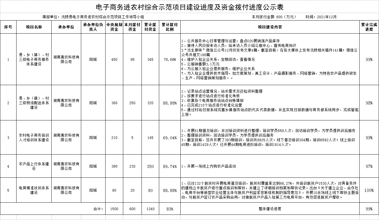 电子商务进农村综合示范项目建设进度及资金拨付进度公示表
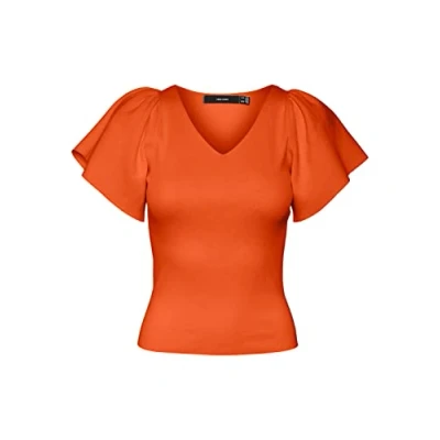 VERO MODA Women's Vmginny SS V Neck Pullover Noos Sweater, Scarlet Ibis, L
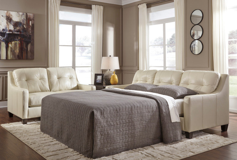 Okean collection galaxy colored leather match upholstered queen sleeper sofa with squared arms. Sleeper sofa includes the Sofa with queen sleeper pull out with mattress included. Measures 86″ x 41″ x 41″ H. Some assembly may be required.
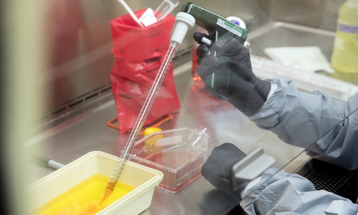 A laboratory scientist cultures coronavirus to prepare for testing at Fort Detrick. Photo: AP
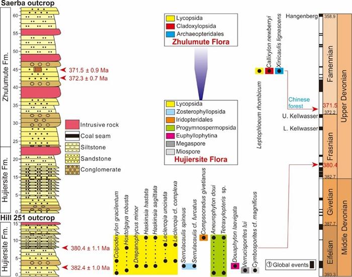 研究团队对萨尔巴剖面植物化石层进行了高精度的锆石铀-铅(U-Pb)定年,将朱鲁木特植物群的时代限定在弗拉期最早期(371.5 ± 0.9 Ma),与海相弗拉期-法门期界限(约372 Ma)同时或略晚于后者。该年代表明朱鲁木特植物群是我国目前已知最早的森林,该森林的形成时间与弗拉期—法门期界线一致。此外,研究团队还对251山剖面呼吉尔斯特植物群的同位素年代进行了重新处理和计算,获得了更为精确的年代,将该植物群限定在约382.4 Ma-380.4 Ma。
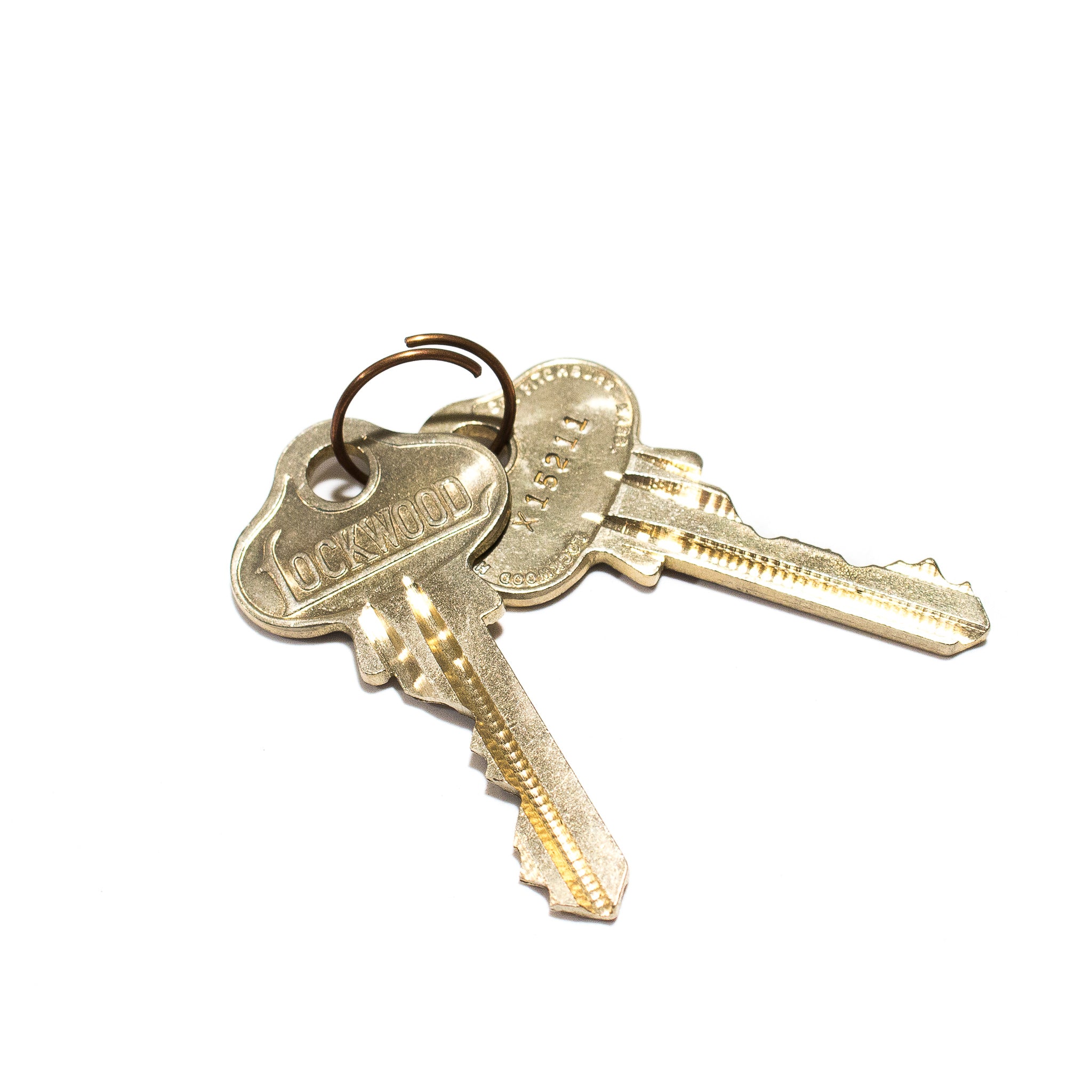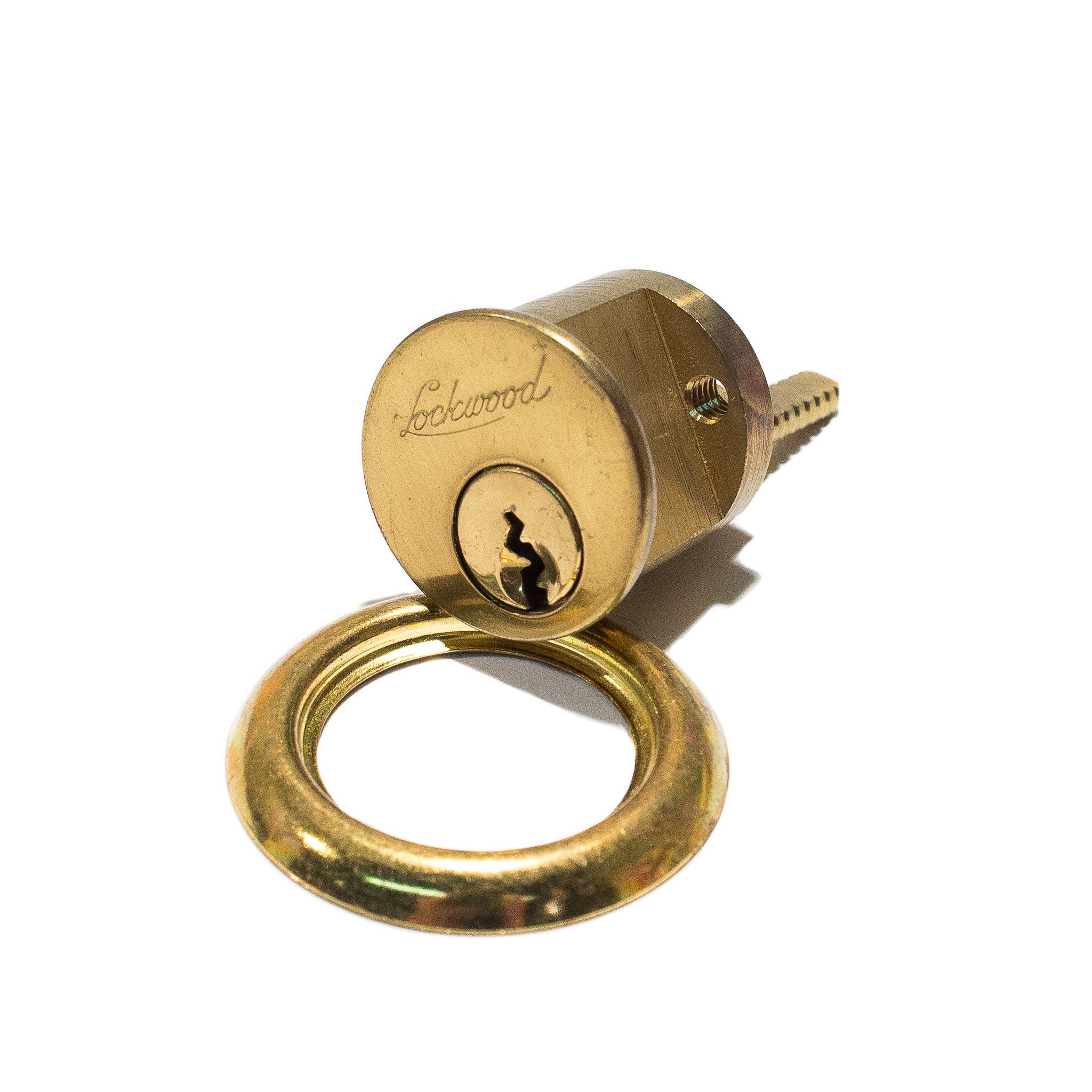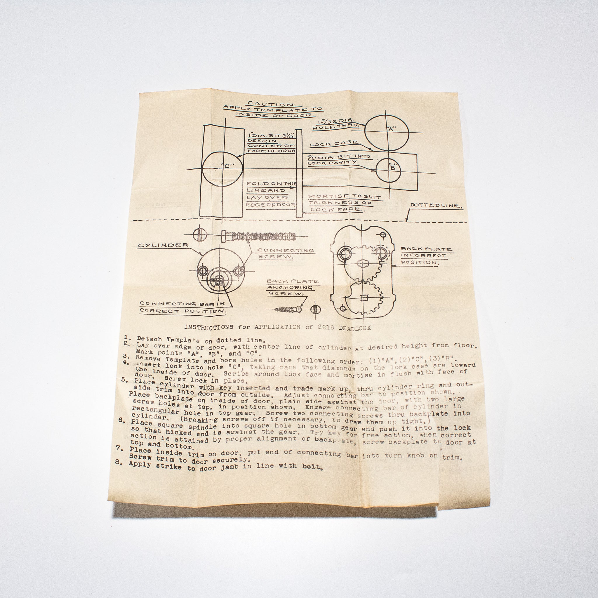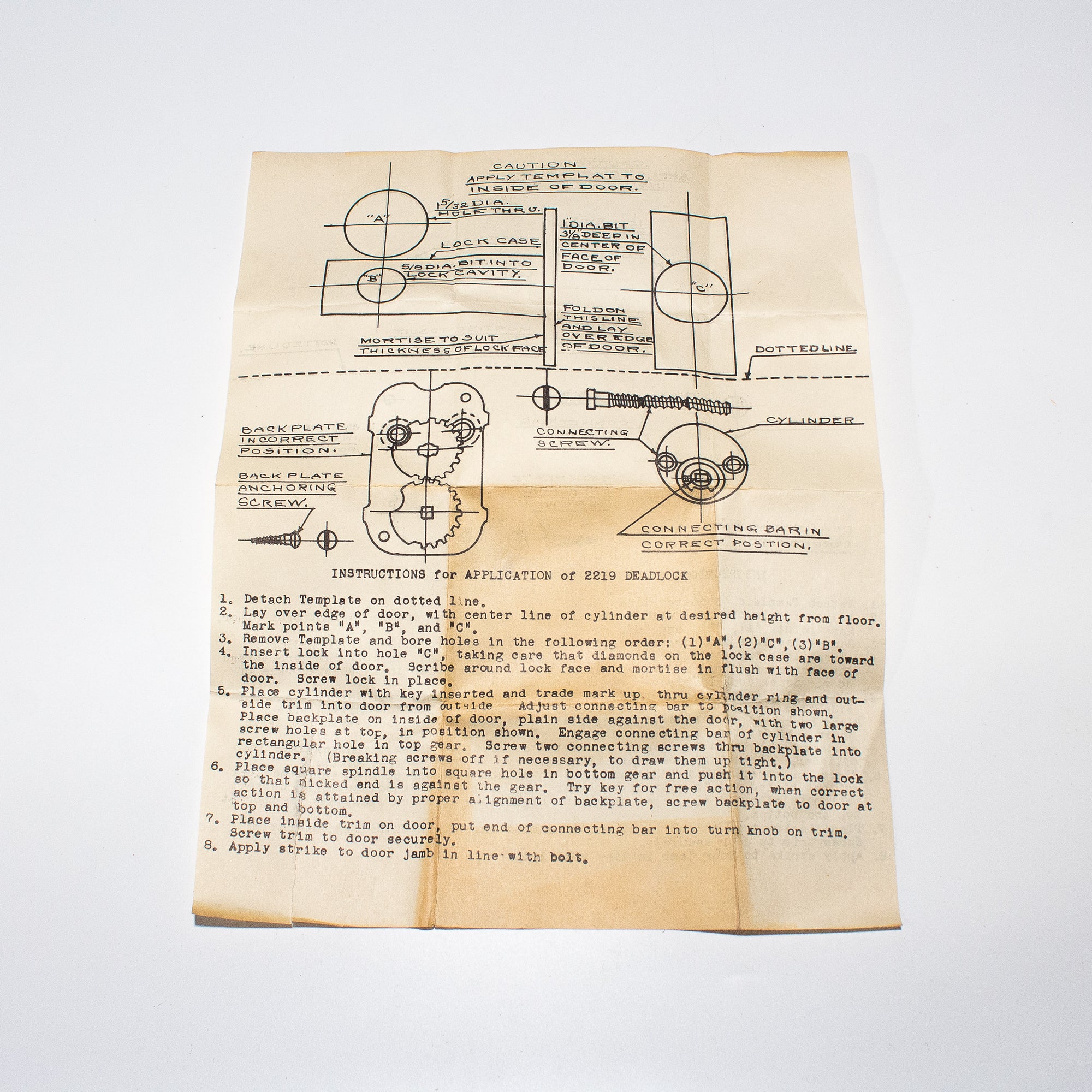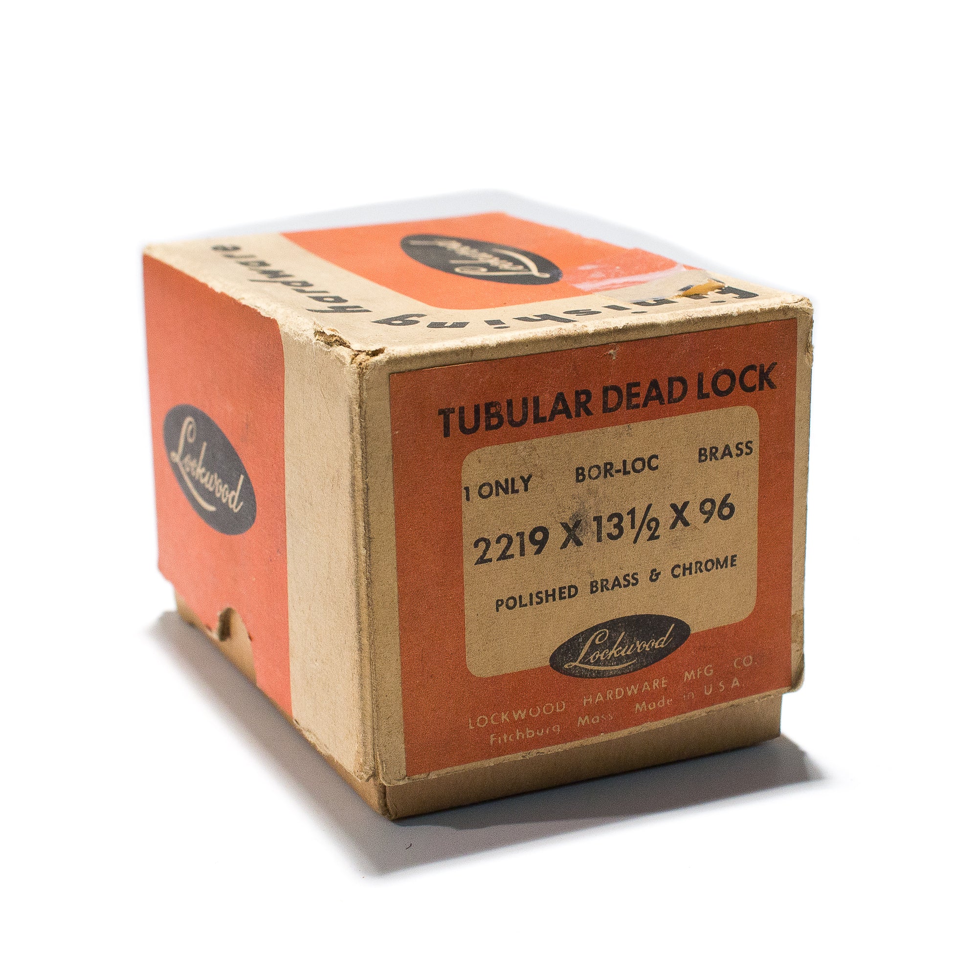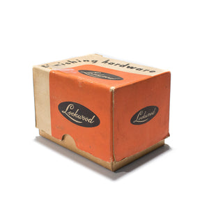 Great New Old Stock early Mid-Century deadbolt from Lockwood - including instructions and cool box! A great opportunity to get a complete new in the box set. Chrome interior turn bold and brass exterior cylinder. 2 sets available.

§ What this task involves: Return the full material word for word. Do not include the pictures.

§ Solution:
 电子商务进农村综合示范项目建设进度及资金拨付进度公示表
 VERO MODA Women's Vmginny SS V Neck Pullover Noos Sweater, Scarlet Ibis, L
 Okean collection galaxy colored leather match upholstered queen sleeper sofa with squared arms. Sleeper sofa includes the Sofa with queen sleeper pull out with mattress included. Measures 86″ x 41″ x 41″ H. Some assembly may be required.
 A laboratory scientist cultures coronavirus to prepare for testing at Fort Detrick. Photo: AP
 研究团队对萨尔巴剖面植物化石层进行了高精度的锆石铀-铅(U-Pb)定年,将朱鲁木特植物群的时代限定在弗拉期最早期(371.5 ± 0.9 Ma),与海相弗拉期-法门期界限(约372 Ma)同时或略晚于后者。该年代表明朱鲁木特植物群是我国目前已知最早的森林,该森林的形成时间与弗拉期—法门期界线一致。此外,研究团队还对251山剖面呼吉尔斯特植物群的同位素年代进行了重新处理和计算,获得了更为精确的年代,将该植物群限定在约382.4 Ma-380.4 Ma。
 Great New Old Stock early Mid-Century deadbolt from Lockwood - including instructions and cool box! A great opportunity to get a complete new in the box set. Chrome interior turn bold and brass exterior cylinder. 2 sets available.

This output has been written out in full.